最近はコロナ禍で、ネットで本を買う人も多いかもしれませんが、本屋に行ったことがないという人はほとんどいないんじゃないかと思います。本屋に行くとたくさんの本が並んでいるので、目当ての本だけでなくついついいろんな棚を見て回ったりして、そうこうしてるうちになぜかやってくるんですよね……
便意が!!
みなさんは「青木まりこ現象」という言葉を知っていますか?
1985年、書評とブックガイドの本『本の雑誌』の読者投書欄に、青木まりこさん(29歳)という方から「私はなぜか長時間本屋にいると便意をもよおします」という投稿があり、その投稿に多くの人からの賛同があったことから注目され、「本屋に行くと便意をもよおす」という現象に「青木まりこ現象」という呼び名がついたそうなんです。
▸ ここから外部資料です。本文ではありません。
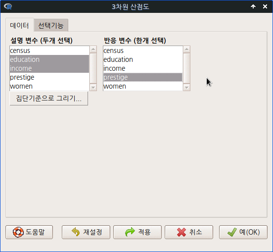 carData 패키지에 있는 Prestige 데이터셋을 활성화시키자. 교육연수와 연소득이 직업의 사회적 권위에 미치는 영향을 점검한다고 생각하자. <설명 변수 (두개 선택)>에 education, income을 <반응 변수 (한개 선택)>에 prestige 변수를 선택한다.
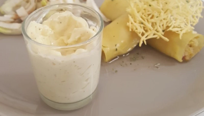 - Vous pouvez également l'accompagner d'une sauce à base de vache Kiri, un peu de lait, sel, poivre et d'une tuile de gruyère pour la décoration
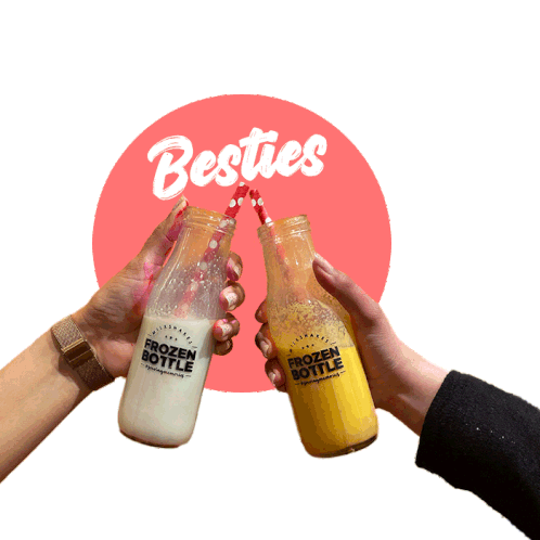 Animated sticker showing two hands clinking 'Frozen Bottle' drinks, with 'Besties' text in a red circle, celebrating friendship.
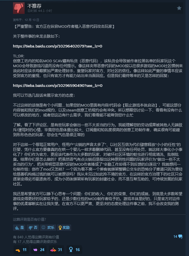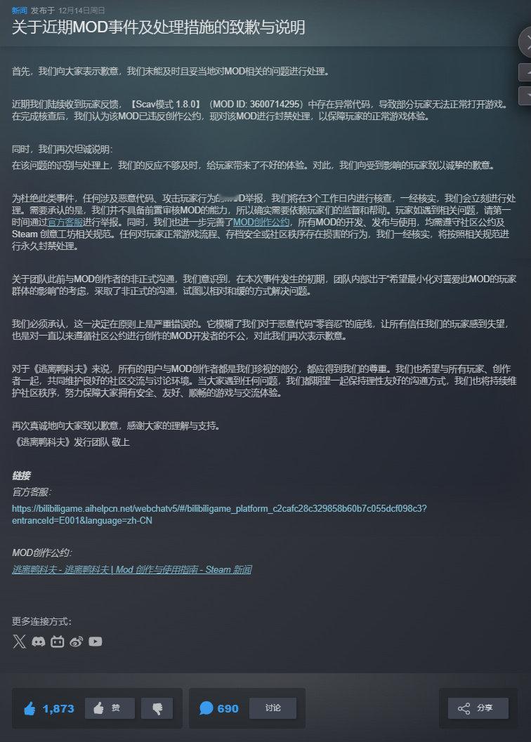 《逃离鸭科夫》于昨日发布了道歉信,起因是创意工坊中一个名为“Scav模式 1.8.0”的MOD被作者植入恶意代码,会导致被其拉黑的玩家无法启动游戏且无任何提示。对此官方并没有直接对MOD做出任何惩罚,反而通过送MOD作者周边,要求其修改代码。此举引发玩家对官方的不满。逃离鸭科夫道歉
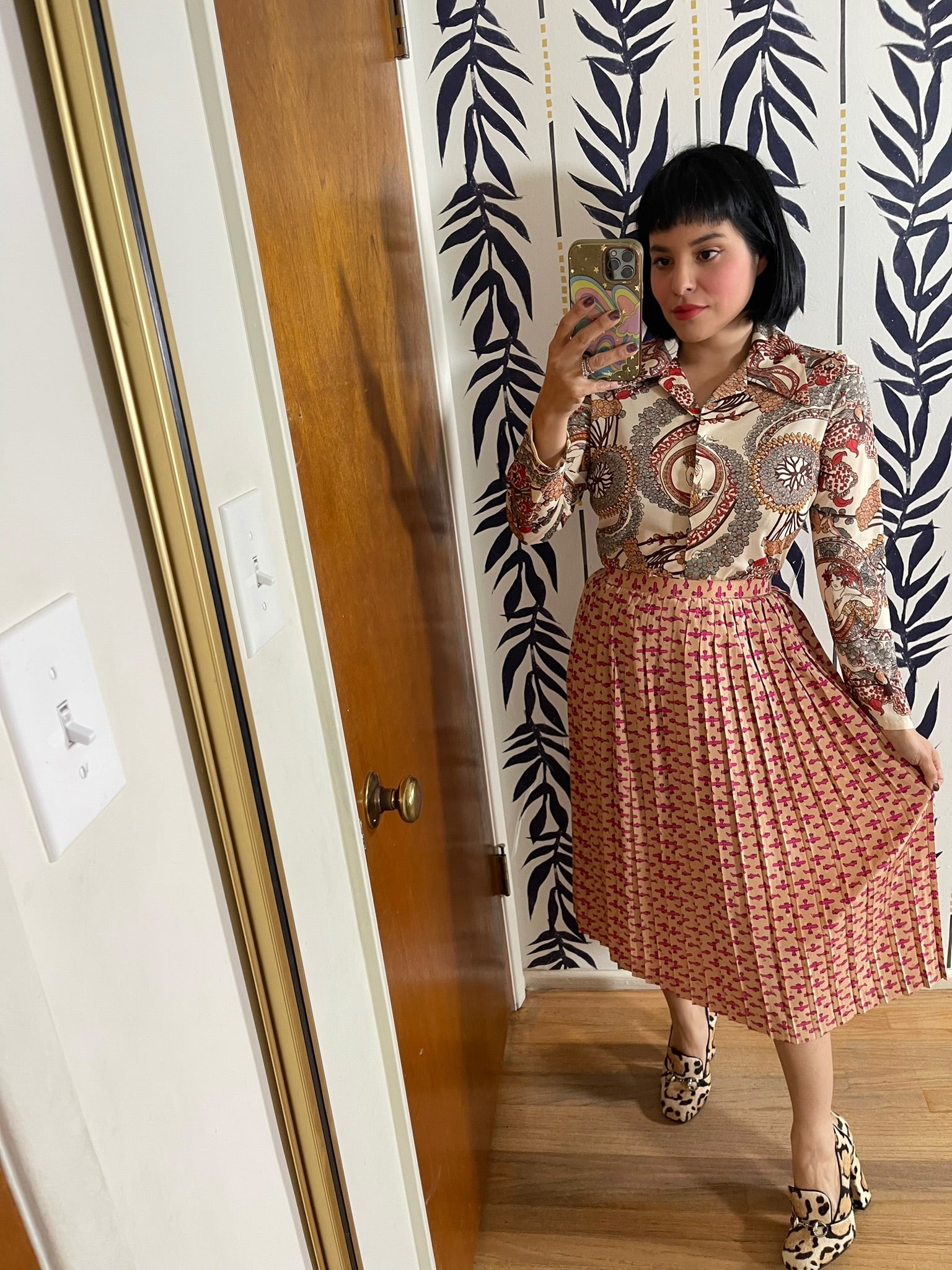 Vintage 70s Novelty Art Nouveau Print 3-piece - Best Fits Size XS-M
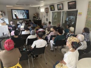 8月3日(日)みんなの居場所「陽だまりカフェ」の一番人気コンテンツである「シルバーシネマパラダイス」開催しました。今日の映画は「北北西に進路を取れ」ヒッチコック監督作品のサスペンスです。主演はケーリー・グラント、
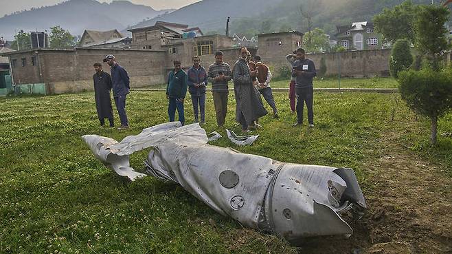 ▲ 7일 인도령 카슈미르 지역에서 금속 파편이 바닥에 널브러져 있다.
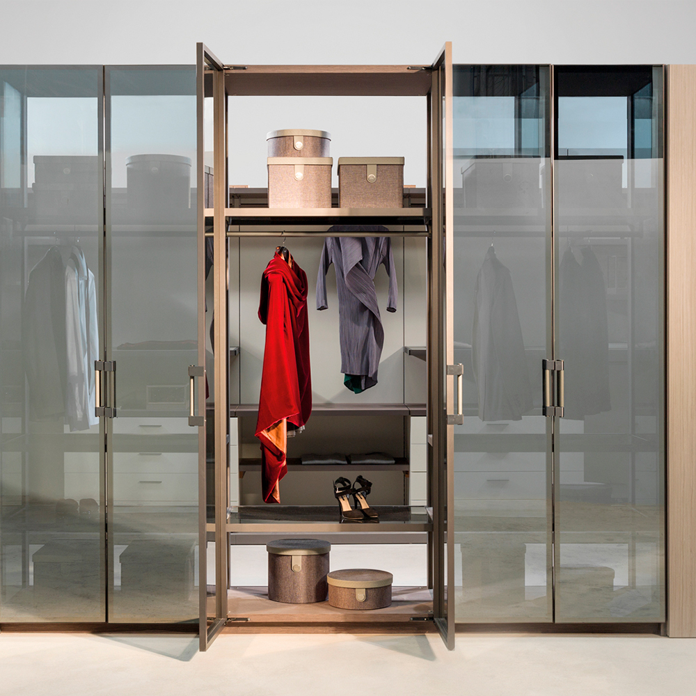 Crystal Case, a refined closet and storage system from Ornare, blends versatility with visual lightness, featuring transparent glass, slim aluminum profiles and integrated lighting. Designed to elevate closets, cabinets and open shelving, the Crystal Case transforms storage into a true showcase. Its sleek lines and seamless doors have no visible hinges, and deliver both function and understated elegance.
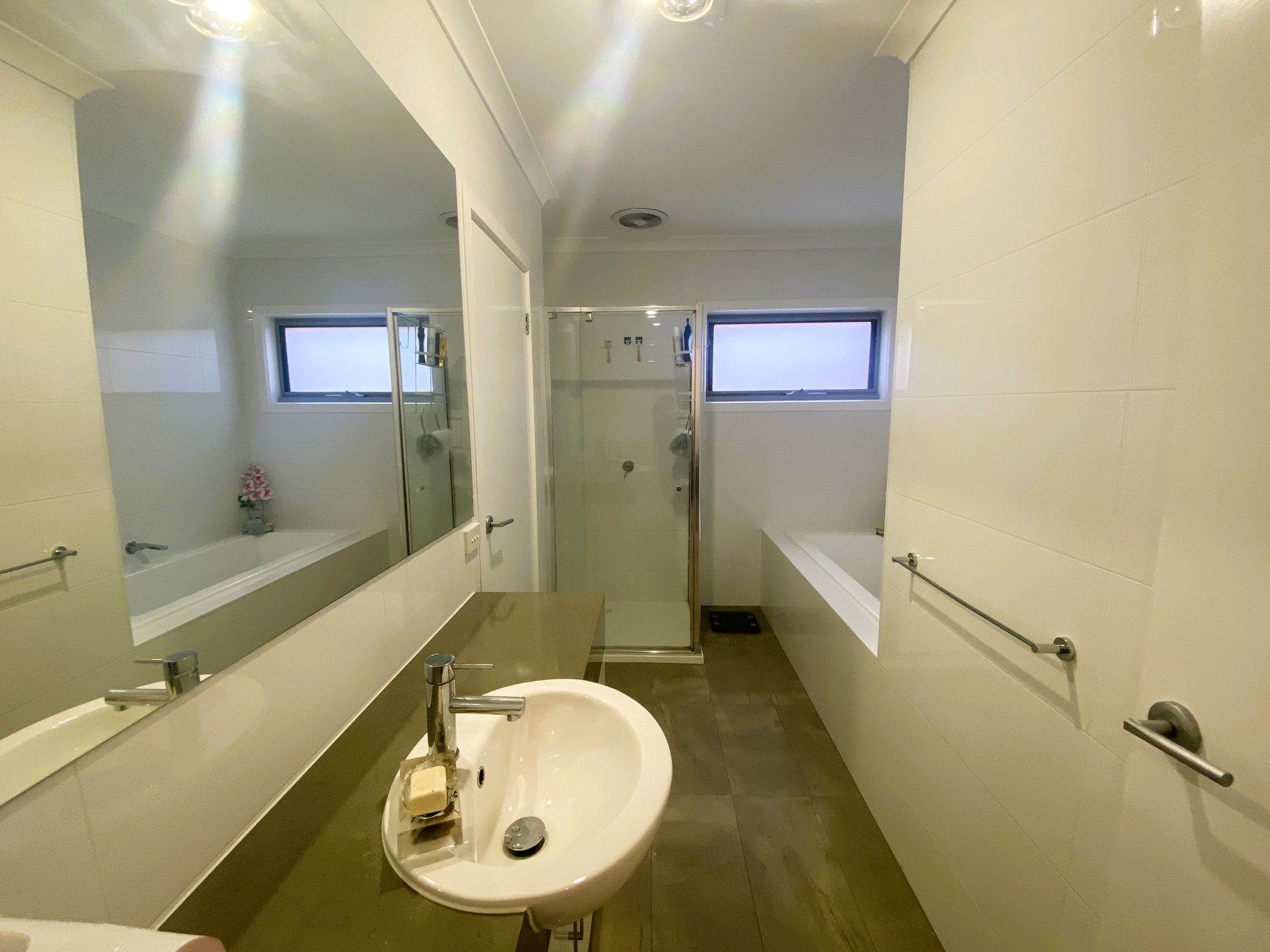- Central bathroom with a bath
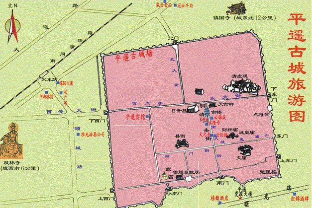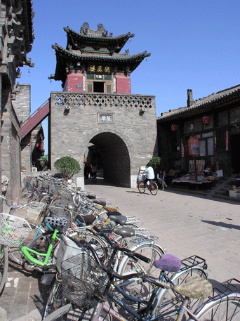 Pingyao es una pequeña ciudad de 40.000 habitantes a mitad de camino entre Pekin y Xi'an. Fundada en el siglo XIV, mantiene buena parte de su arquitectura original de las épocas Ming y Qing, además de conservar la muralla original construida en 1370 que rodea el casco antiguo. El ambiente es plenamente feudal, la Torre de la Campana ocupa el centro, las calles están adoquinadas y adornadas con farolillos rojos, las casas son de estilo tradicional con amplios y bonitos patios, templos, antiguas oficinas de cambio convertidas en museos, tiendas por doquier, restaurantes... Toda la ciudad, dominada por el color gris de ladrillos y tejas, es un gran monumento. Patrimonio de la Humanidad desde 1997.
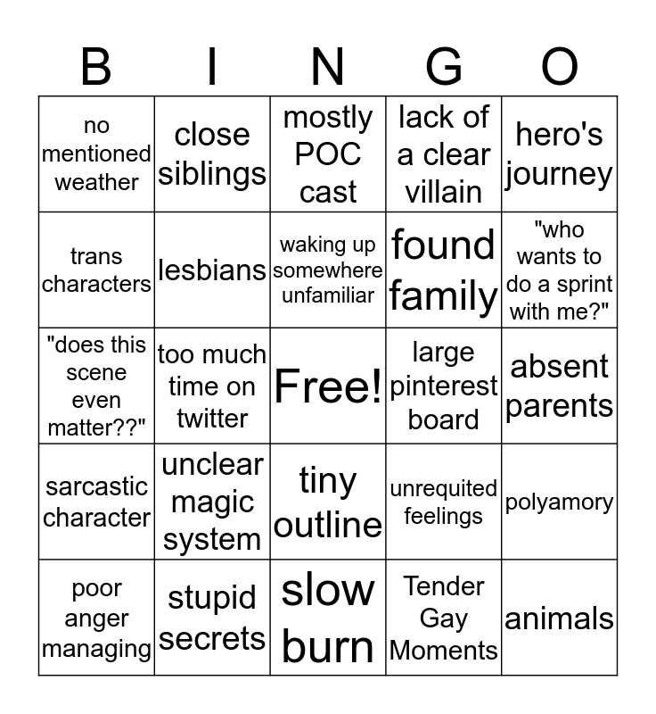 This bingo card has a free space and 24 words: unclear magic system, stupid secrets, waking up somewhere unfamiliar, poor anger managing, hero's journey, no mentioned weather, trans characters, close siblings, large pinterest board, tiny outline, found family, "does this scene even matter??", unrequited feelings, polyamory, lesbians, Tender Gay Moments, absent parents, mostly POC cast, "who wants to do a sprint with me?", too much time on twitter, animals, sarcastic character, lack of a clear villain and slow burn.
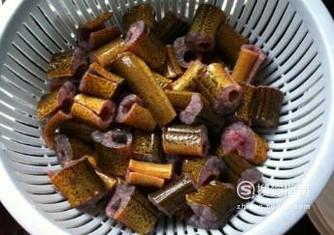 先将生黄鳝切断洗去黏液,放入篮中沥干水分。
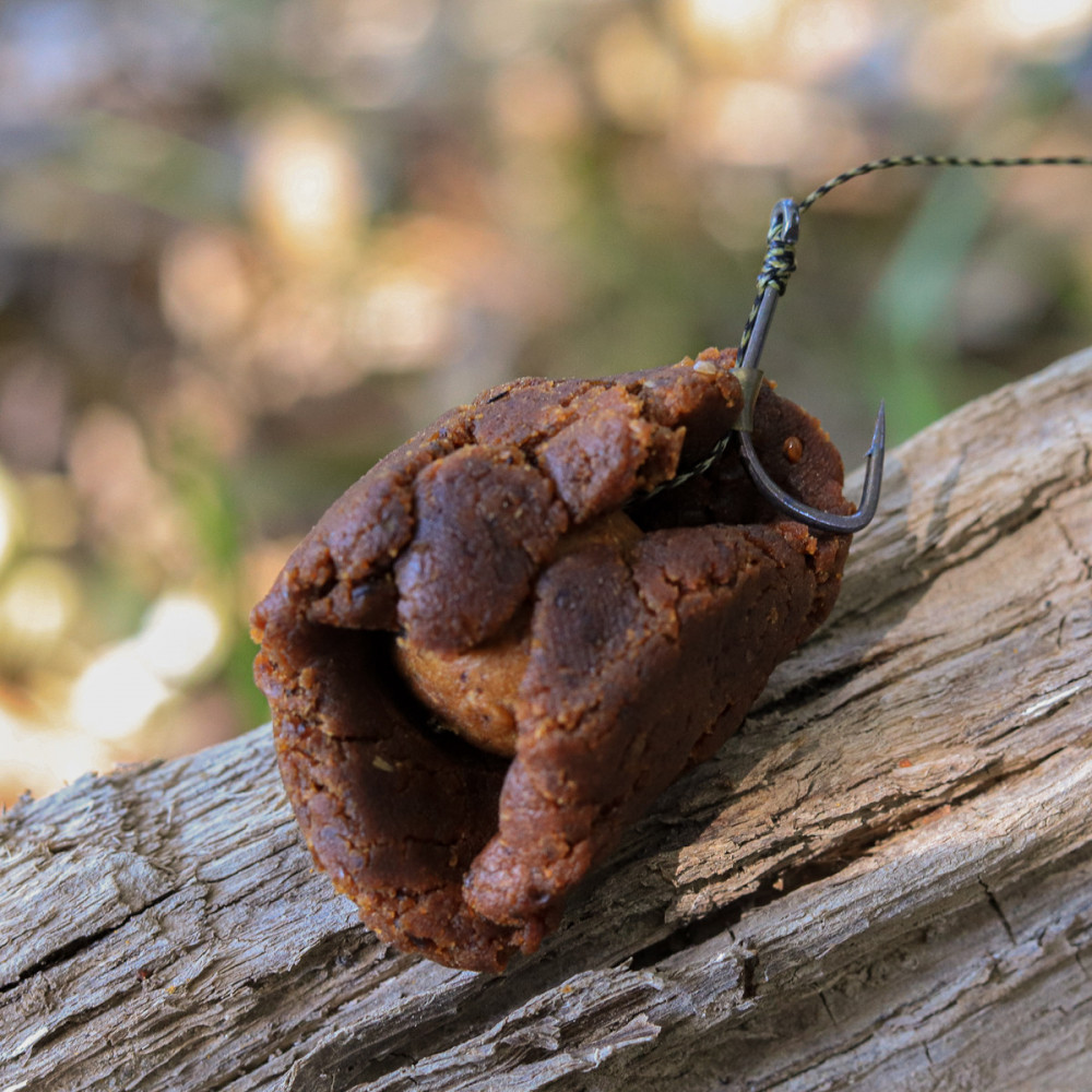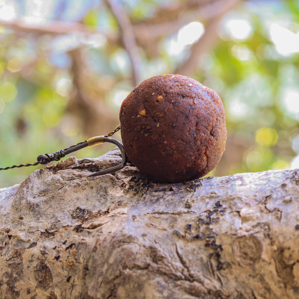 - Pour les pêches rapides (1h ou 2h), créez une boule de la taille d'une bouillette, protégez-la dans un filet anti-chat ou autre et mettez-la sur le cheveu

一介の人の名前が便意の名前になるのヤバくないですか。
この現象が起こる理由については、「気持ちがリラックスして便意が促される」とか、「プレッシャーが腸に影響を与える」など諸説ありますが、その中で有力な仮説として知られるのが「匂い刺激説」。
そこで、「本屋に行くことで便意が促されるとしたら、本屋の匂いを嗅げば快便になるのでは?」という逆の発想から生まれた「本屋の香りスプレー」という商品があるのをご存知でしょうか?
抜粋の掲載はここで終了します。